─── Information ───
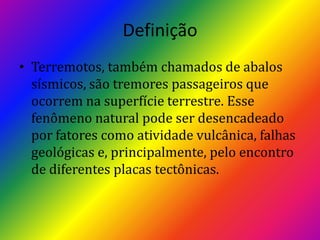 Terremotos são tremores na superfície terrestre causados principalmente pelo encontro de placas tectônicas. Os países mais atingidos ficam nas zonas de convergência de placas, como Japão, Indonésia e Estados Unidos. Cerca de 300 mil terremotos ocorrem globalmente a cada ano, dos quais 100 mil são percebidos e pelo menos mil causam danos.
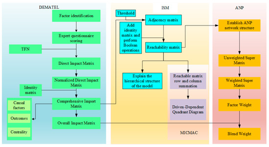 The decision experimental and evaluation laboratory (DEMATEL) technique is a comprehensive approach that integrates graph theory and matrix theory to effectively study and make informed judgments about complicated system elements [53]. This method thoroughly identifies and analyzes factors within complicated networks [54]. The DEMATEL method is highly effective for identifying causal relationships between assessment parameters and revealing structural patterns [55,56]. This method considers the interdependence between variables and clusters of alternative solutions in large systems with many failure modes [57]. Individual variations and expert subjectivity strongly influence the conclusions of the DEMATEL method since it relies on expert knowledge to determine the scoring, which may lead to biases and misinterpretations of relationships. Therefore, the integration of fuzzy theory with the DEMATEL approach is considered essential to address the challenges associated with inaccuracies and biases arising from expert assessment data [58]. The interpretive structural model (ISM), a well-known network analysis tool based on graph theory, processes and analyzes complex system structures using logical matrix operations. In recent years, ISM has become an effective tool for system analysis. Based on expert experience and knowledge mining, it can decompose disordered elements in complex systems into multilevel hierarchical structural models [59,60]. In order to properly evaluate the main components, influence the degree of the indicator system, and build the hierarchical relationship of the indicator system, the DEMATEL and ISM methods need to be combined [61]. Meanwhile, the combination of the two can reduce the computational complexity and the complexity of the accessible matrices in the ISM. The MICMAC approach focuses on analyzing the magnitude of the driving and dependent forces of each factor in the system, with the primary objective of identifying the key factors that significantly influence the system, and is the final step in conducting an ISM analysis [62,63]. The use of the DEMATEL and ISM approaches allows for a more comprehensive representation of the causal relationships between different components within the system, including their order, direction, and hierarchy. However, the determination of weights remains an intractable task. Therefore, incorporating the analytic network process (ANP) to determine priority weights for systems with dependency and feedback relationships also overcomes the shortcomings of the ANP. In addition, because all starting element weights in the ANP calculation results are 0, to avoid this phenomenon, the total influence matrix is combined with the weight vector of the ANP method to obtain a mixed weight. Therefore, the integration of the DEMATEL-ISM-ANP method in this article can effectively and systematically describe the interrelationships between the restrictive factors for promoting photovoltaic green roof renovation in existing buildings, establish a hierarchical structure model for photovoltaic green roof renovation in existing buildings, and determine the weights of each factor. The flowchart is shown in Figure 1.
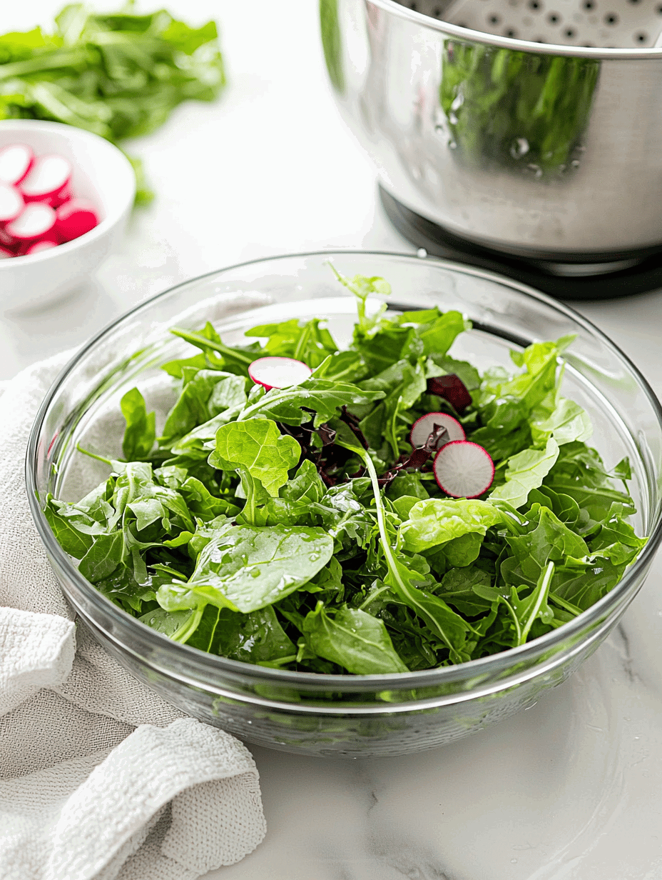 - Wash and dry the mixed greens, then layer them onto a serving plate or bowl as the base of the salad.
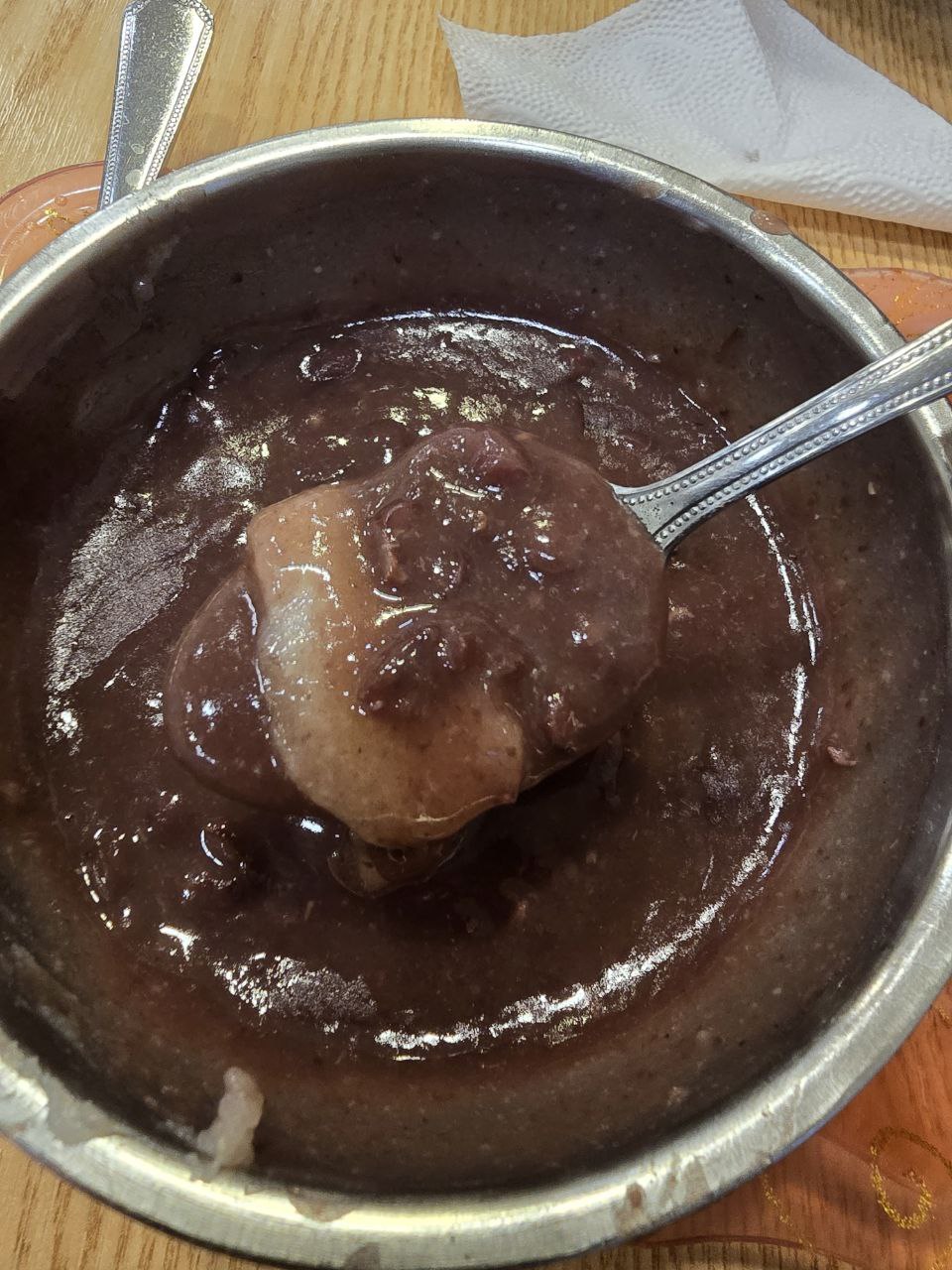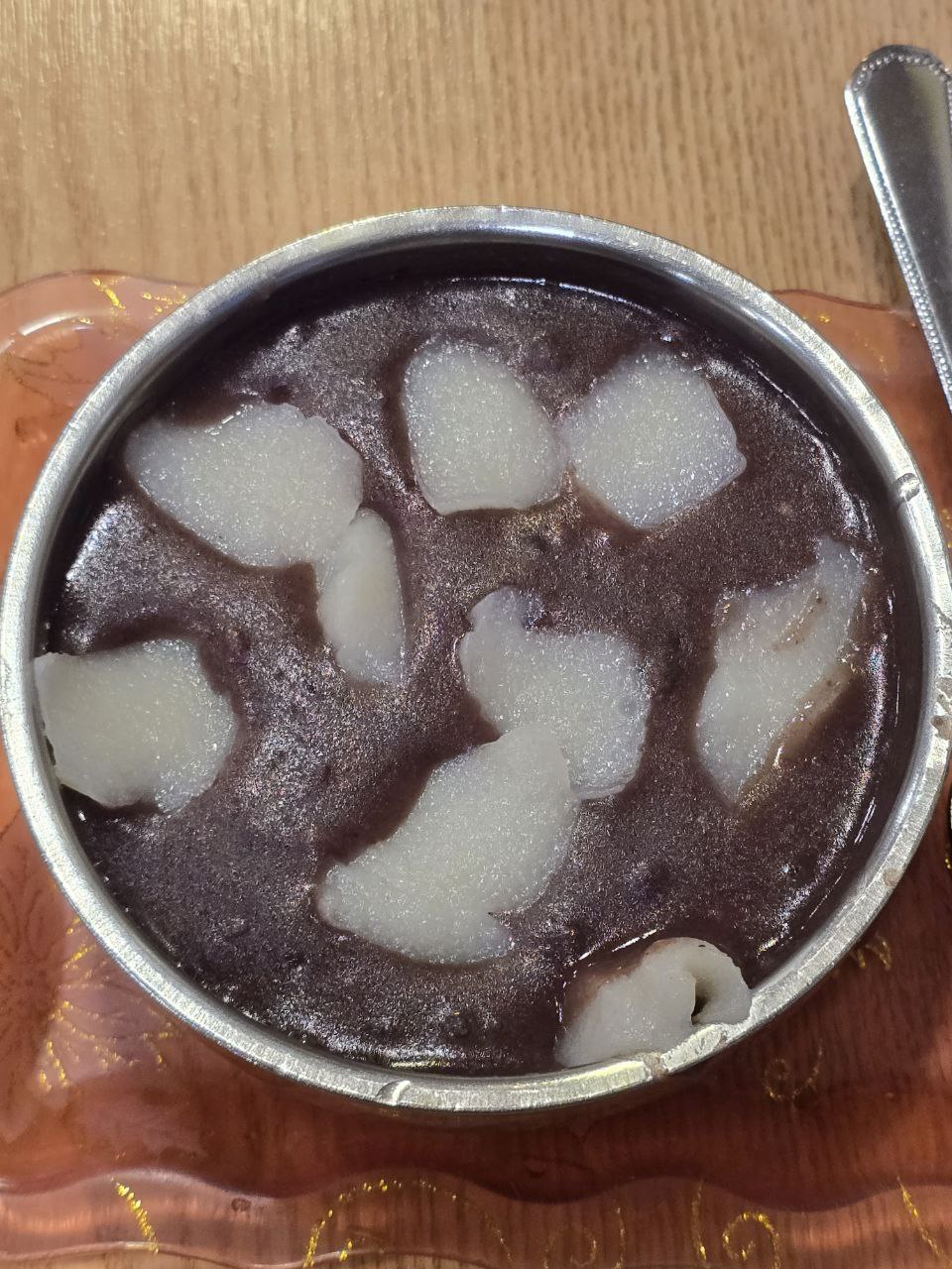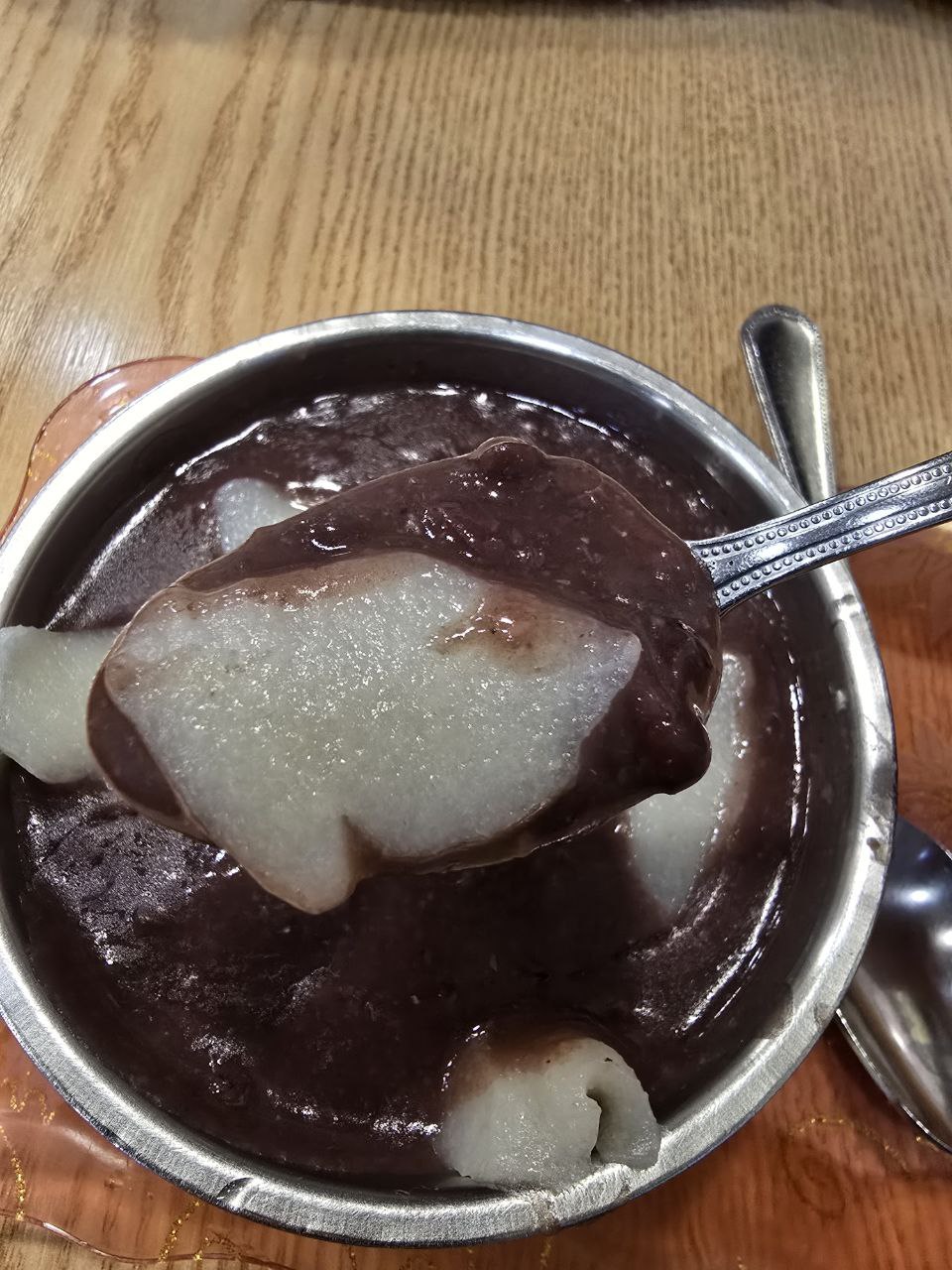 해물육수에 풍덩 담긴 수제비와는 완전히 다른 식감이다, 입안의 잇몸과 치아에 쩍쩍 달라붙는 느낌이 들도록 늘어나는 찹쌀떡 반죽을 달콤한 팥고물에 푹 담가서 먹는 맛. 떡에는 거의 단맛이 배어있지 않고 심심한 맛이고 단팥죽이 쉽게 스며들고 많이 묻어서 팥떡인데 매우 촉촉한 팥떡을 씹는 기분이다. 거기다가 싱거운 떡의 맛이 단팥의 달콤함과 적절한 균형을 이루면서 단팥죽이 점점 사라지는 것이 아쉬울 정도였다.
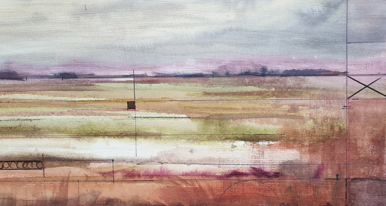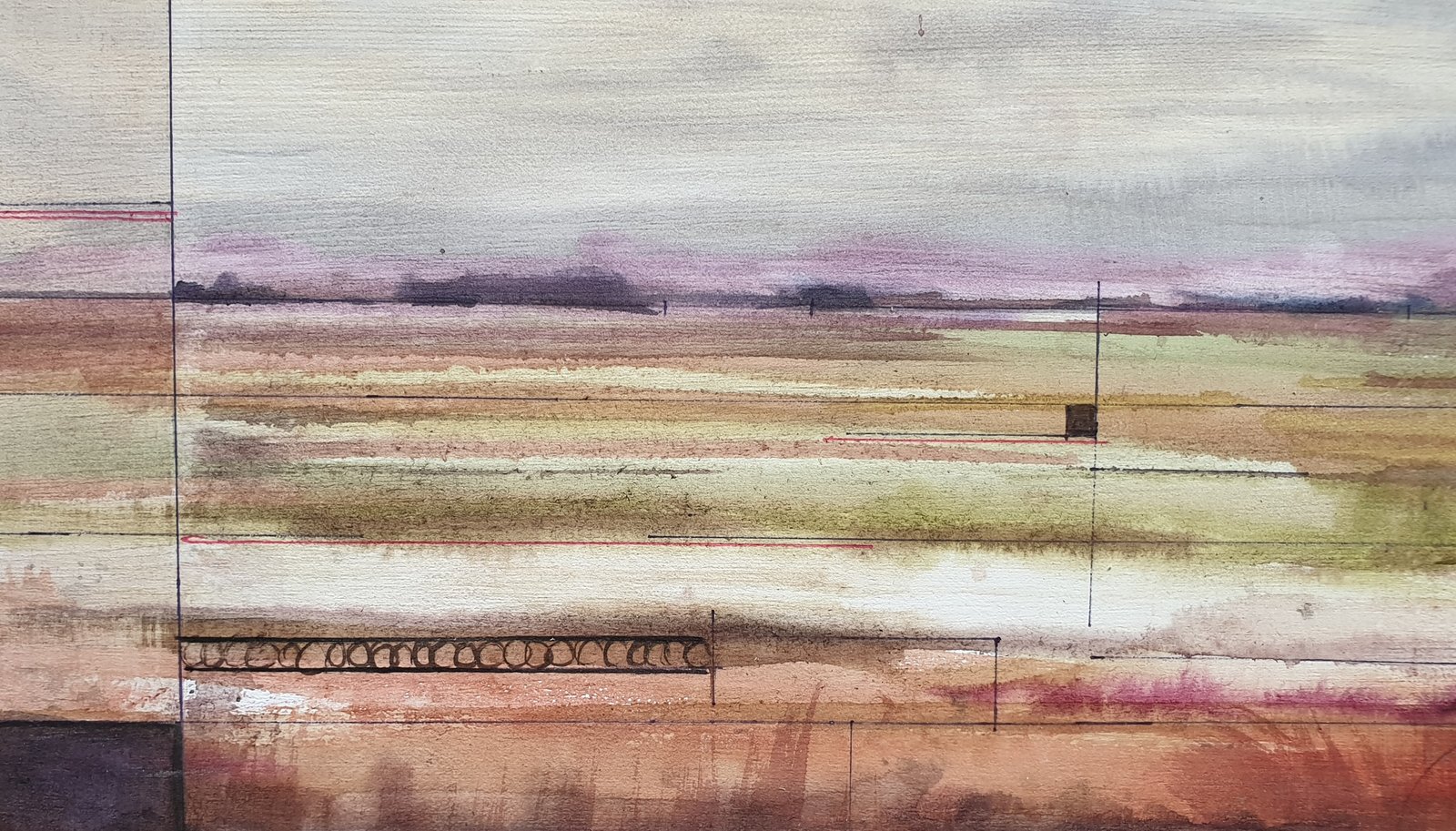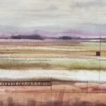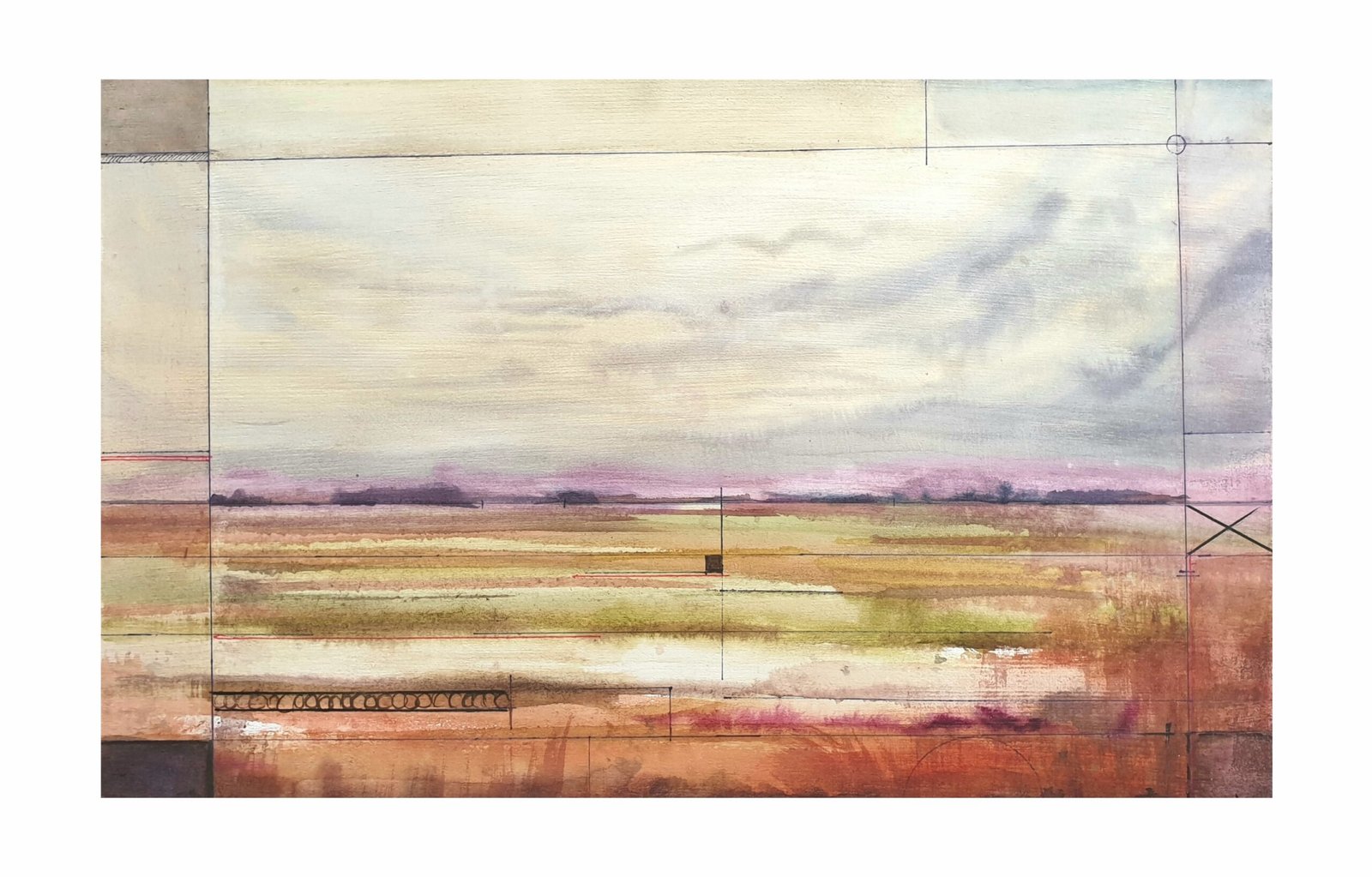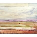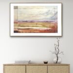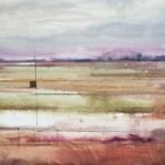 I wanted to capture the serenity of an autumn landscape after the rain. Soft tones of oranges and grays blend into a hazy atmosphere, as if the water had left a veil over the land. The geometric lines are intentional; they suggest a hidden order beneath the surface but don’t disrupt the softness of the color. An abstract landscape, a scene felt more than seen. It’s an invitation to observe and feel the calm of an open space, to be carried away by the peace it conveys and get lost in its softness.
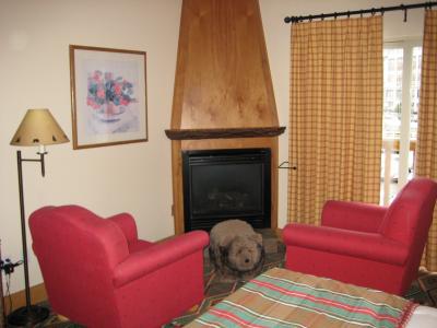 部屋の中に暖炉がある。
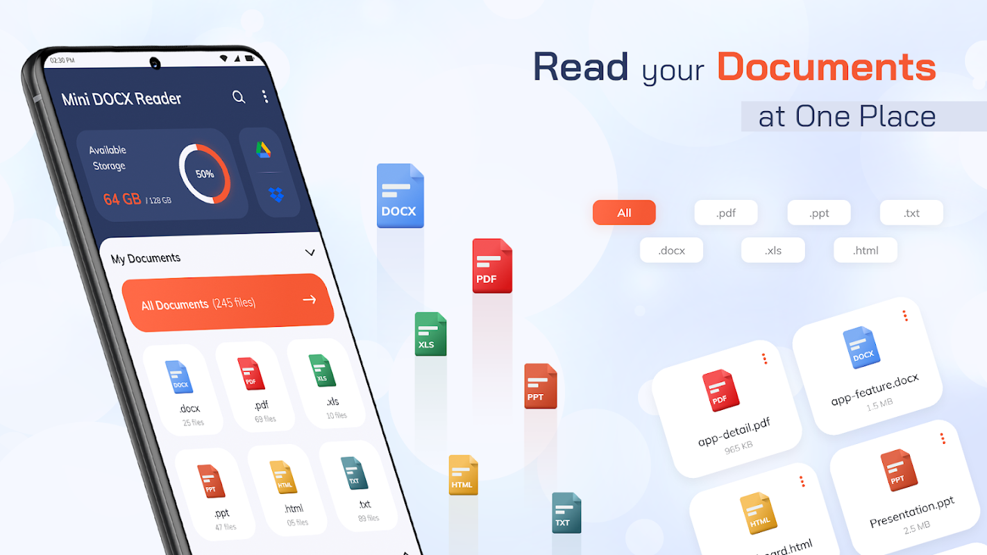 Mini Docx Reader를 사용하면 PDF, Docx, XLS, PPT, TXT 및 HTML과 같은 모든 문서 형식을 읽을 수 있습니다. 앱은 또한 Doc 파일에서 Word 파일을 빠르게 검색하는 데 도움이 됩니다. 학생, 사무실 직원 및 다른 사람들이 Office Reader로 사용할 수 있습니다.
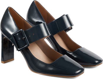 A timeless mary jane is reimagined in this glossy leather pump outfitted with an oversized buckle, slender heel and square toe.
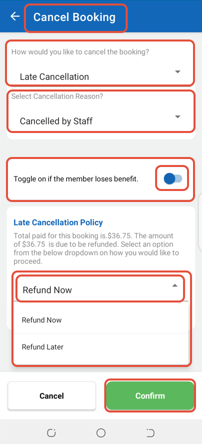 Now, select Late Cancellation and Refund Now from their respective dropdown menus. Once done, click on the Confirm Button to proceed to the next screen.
───
Required action – Pictures are to be left out; the records above must be repeated word for word.

Result for this exercise –
 Terremotos são tremores na superfície terrestre causados principalmente pelo encontro de placas tectônicas. Os países mais atingidos ficam nas zonas de convergência de placas, como Japão, Indonésia e Estados Unidos. Cerca de 300 mil terremotos ocorrem globalmente a cada ano, dos quais 100 mil são percebidos e pelo menos mil causam danos.
 The decision experimental and evaluation laboratory (DEMATEL) technique is a comprehensive approach that integrates graph theory and matrix theory to effectively study and make informed judgments about complicated system elements [53]. This method thoroughly identifies and analyzes factors within complicated networks [54]. The DEMATEL method is highly effective for identifying causal relationships between assessment parameters and revealing structural patterns [55,56]. This method considers the interdependence between variables and clusters of alternative solutions in large systems with many failure modes [57]. Individual variations and expert subjectivity strongly influence the conclusions of the DEMATEL method since it relies on expert knowledge to determine the scoring, which may lead to biases and misinterpretations of relationships. Therefore, the integration of fuzzy theory with the DEMATEL approach is considered essential to address the challenges associated with inaccuracies and biases arising from expert assessment data [58]. The interpretive structural model (ISM), a well-known network analysis tool based on graph theory, processes and analyzes complex system structures using logical matrix operations. In recent years, ISM has become an effective tool for system analysis. Based on expert experience and knowledge mining, it can decompose disordered elements in complex systems into multilevel hierarchical structural models [59,60]. In order to properly evaluate the main components, influence the degree of the indicator system, and build the hierarchical relationship of the indicator system, the DEMATEL and ISM methods need to be combined [61]. Meanwhile, the combination of the two can reduce the computational complexity and the complexity of the accessible matrices in the ISM. The MICMAC approach focuses on analyzing the magnitude of the driving and dependent forces of each factor in the system, with the primary objective of identifying the key factors that significantly influence the system, and is the final step in conducting an ISM analysis [62,63]. The use of the DEMATEL and ISM approaches allows for a more comprehensive representation of the causal relationships between different components within the system, including their order, direction, and hierarchy. However, the determination of weights remains an intractable task. Therefore, incorporating the analytic network process (ANP) to determine priority weights for systems with dependency and feedback relationships also overcomes the shortcomings of the ANP. In addition, because all starting element weights in the ANP calculation results are 0, to avoid this phenomenon, the total influence matrix is combined with the weight vector of the ANP method to obtain a mixed weight. Therefore, the integration of the DEMATEL-ISM-ANP method in this article can effectively and systematically describe the interrelationships between the restrictive factors for promoting photovoltaic green roof renovation in existing buildings, establish a hierarchical structure model for photovoltaic green roof renovation in existing buildings, and determine the weights of each factor. The flowchart is shown in Figure 1.
 - Wash and dry the mixed greens, then layer them onto a serving plate or bowl as the base of the salad.
 해물육수에 풍덩 담긴 수제비와는 완전히 다른 식감이다, 입안의 잇몸과 치아에 쩍쩍 달라붙는 느낌이 들도록 늘어나는 찹쌀떡 반죽을 달콤한 팥고물에 푹 담가서 먹는 맛. 떡에는 거의 단맛이 배어있지 않고 심심한 맛이고 단팥죽이 쉽게 스며들고 많이 묻어서 팥떡인데 매우 촉촉한 팥떡을 씹는 기분이다. 거기다가 싱거운 떡의 맛이 단팥의 달콤함과 적절한 균형을 이루면서 단팥죽이 점점 사라지는 것이 아쉬울 정도였다.
 I wanted to capture the serenity of an autumn landscape after the rain. Soft tones of oranges and grays blend into a hazy atmosphere, as if the water had left a veil over the land. The geometric lines are intentional; they suggest a hidden order beneath the surface but don’t disrupt the softness of the color. An abstract landscape, a scene felt more than seen. It’s an invitation to observe and feel the calm of an open space, to be carried away by the peace it conveys and get lost in its softness.
 部屋の中に暖炉がある。
 Mini Docx Reader를 사용하면 PDF, Docx, XLS, PPT, TXT 및 HTML과 같은 모든 문서 형식을 읽을 수 있습니다. 앱은 또한 Doc 파일에서 Word 파일을 빠르게 검색하는 데 도움이 됩니다. 학생, 사무실 직원 및 다른 사람들이 Office Reader로 사용할 수 있습니다.
 A timeless mary jane is reimagined in this glossy leather pump outfitted with an oversized buckle, slender heel and square toe.
 Now, select Late Cancellation and Refund Now from their respective dropdown menus. Once done, click on the Confirm Button to proceed to the next screen.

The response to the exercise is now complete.